You have two prisoners which are under interrogation. They have only two choices.
Choice A: Stay silent.
Choice B: Betray the other prisoner.
Call the two prisoners Bob and Wendy.
Now, there’s 4 permutations.
Wendy plays A and Bob plays A. They both serve a month in prison.
Wendy plays A and Bob plays B. Bob goes free Wendy does 1 year.
Wendy plays B and Bob plays A. Wendy goes free Bob does 1 year.
Wendy plays B and Bob plays B. In which case both get 3 months.
The question is, if Bob and Wendy replay the game over and over is there a way of playing that minimises the time spend in prison?

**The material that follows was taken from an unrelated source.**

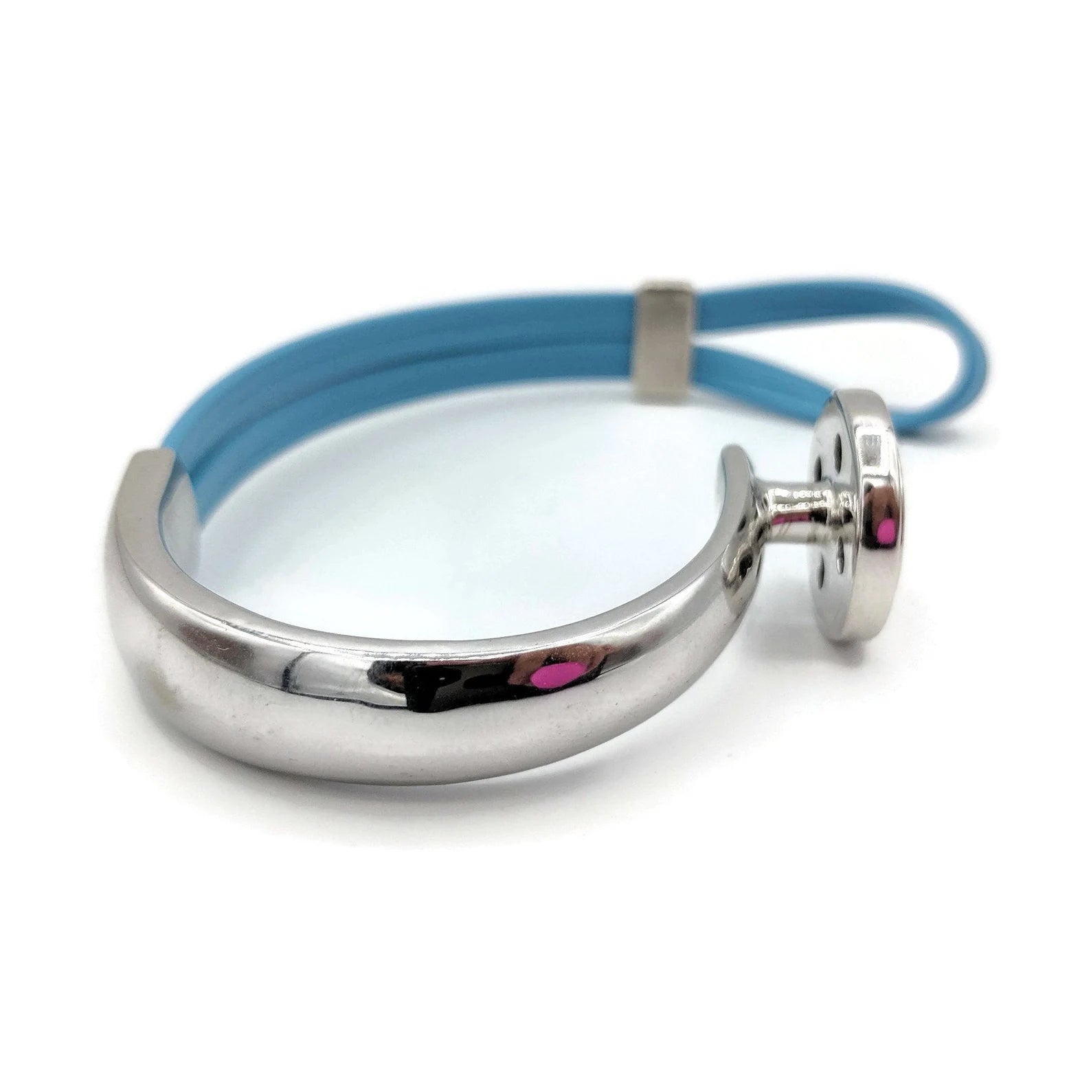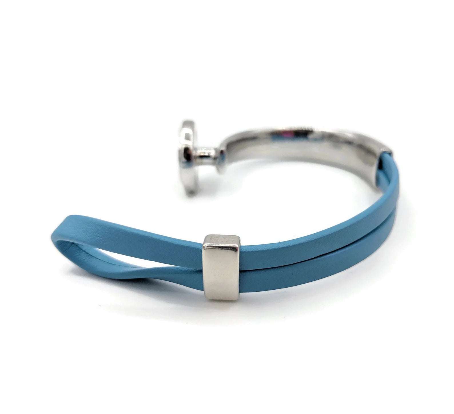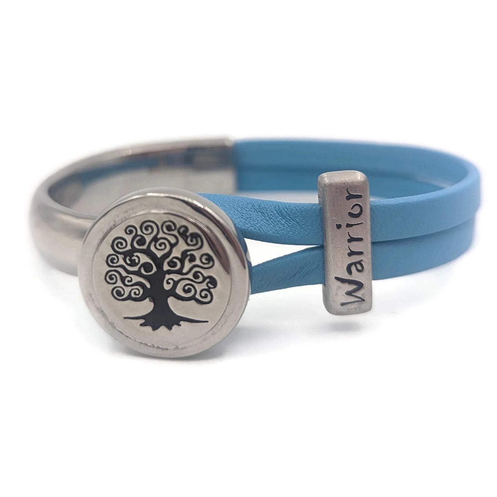 This is a Tree of Life half cuff and leather bracelet. The light blue leather is accented with a plain silver slider.

Well someone did ask this question and also asked for people to write programs to play the role of a prisoner. There were evil programs that would always choose B, nice programs that always choose A and other more sophisticated ones that did statistical analysis of the other prisoners responses and of course a whole lot of other strategies in between.
After running these programs a winner emerged called Tit for Tat. Its strategy was simple; start with A then depending on how the other prisoner responds, start the next round with that.
You don’t want a fluke, so everyone was told about Tit for Tat’s strategy and off they all went to revise their programs and the drama was played out all over again and the winner was … Tit for Tat.